A senhora da voz melodiosa

É a voz que se ouve quando se liga o rádio, a pessoa com quem se fala quando sintonizamos a Rádio Moçambique. Trata-se de Glória Américo Fungate Muianga, no assento de nascimento, mas poderia perfeitamente chamar-se ‘voz’.

Há figuras que brilham de forma vibrante e fazem parte da vida de milhões de pessoas, para onde entraram com a mesma naturalidade dos parentes mais próximos, e cujas carreiras expostas nos meios de comunicação correm o risco de nos distraírem das suas qualidades. E uma destas estrelas fulgurantes é Glória Muianga, nome incontornável quando se fala de rádio em Moçambique. Habituámo-nos à sua presença quando sintonizamos a antena nacional. O resto é, diga-se de passagem, mistério.

O país inteiro rende-se à sua voz, pelo menos o Moçambique ligado à emissora de rádio pública nacional e à telefonia. Mesmo quando a ouvimos naquela situação em que nos diz – a única coisa que um usuário de telemóvel não quer ouvir – para ligarmos mais tarde porque “neste momento, não é possível estabelecer a ligação que deseja”.

Recebe-nos no seu “quartelgeneral”, Rádio Moçambique (RM), numa sala ampla ao meio da tarde de uma terça-feira. Visivelmente bemdisposta, cumprimenta-nos em grande animação, mas mostra-se impenetrável. Até porque não sabia o assunto da entrevista, o que a levou a pensar que nos pretendíamos inteirar dos 35 anos da RM, razão pela qual já se havia preparado na véspera.

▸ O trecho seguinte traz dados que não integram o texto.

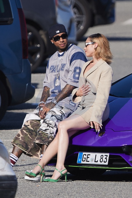 Exclusif - Le rappeur Tyga tourne un clip sur le port de Saint-Tropez avec pour partenaire, une Lamborghini Huracán EVO Spyder le 26 juin 2024. Rapper Tyga shoots a video on the port of Saint-Tropez with a Lamborghini Huracán EVO Spyder as his partner on 26 June 2024.
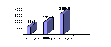 При порівнянні трьох останнього років (2005- 2007) виявлено, що обсяг реалізації збільшився на 70%. Середньорічний темп приросту становить 64%. Для більшої наочності, динаміка реалізації продукції зображена на Плакаті 2.

Mas descontrai-se quando lhe dizemos que ela era o motivo da nossa presença naquele lugar. “O que querem saber sobre mim?”, questiona, na sua típica voz forte antes de soltar um sorriso de surpresa. Gosta de comunicar e de se fazer ouvir, o que faz dela uma boa entrevistada.

A infância

Nasceu na cidade de Maputo e, tal como as suas irmãs, muito cedo tornou-se órfã de mãe, mas nem por isso deixou de ter uma infância feliz. “Quando a minha mãe faleceu, eu tinha seis anos e a minha irmã mais nova tinha alguns dias de vida”, lembra.

O seu pai, na altura electricista de uma unidade sanitária, vê-se na difícil situação de educar cinco meninas menores de idade, uma das quais recém-nascida. Graças à ajuda de algumas freiras da enfermaria na qual trabalhava e parentes mais chegados cuidou da mais nova, as mais velhas foram matriculadas num colégio destinado a pessoas desfavorecidas.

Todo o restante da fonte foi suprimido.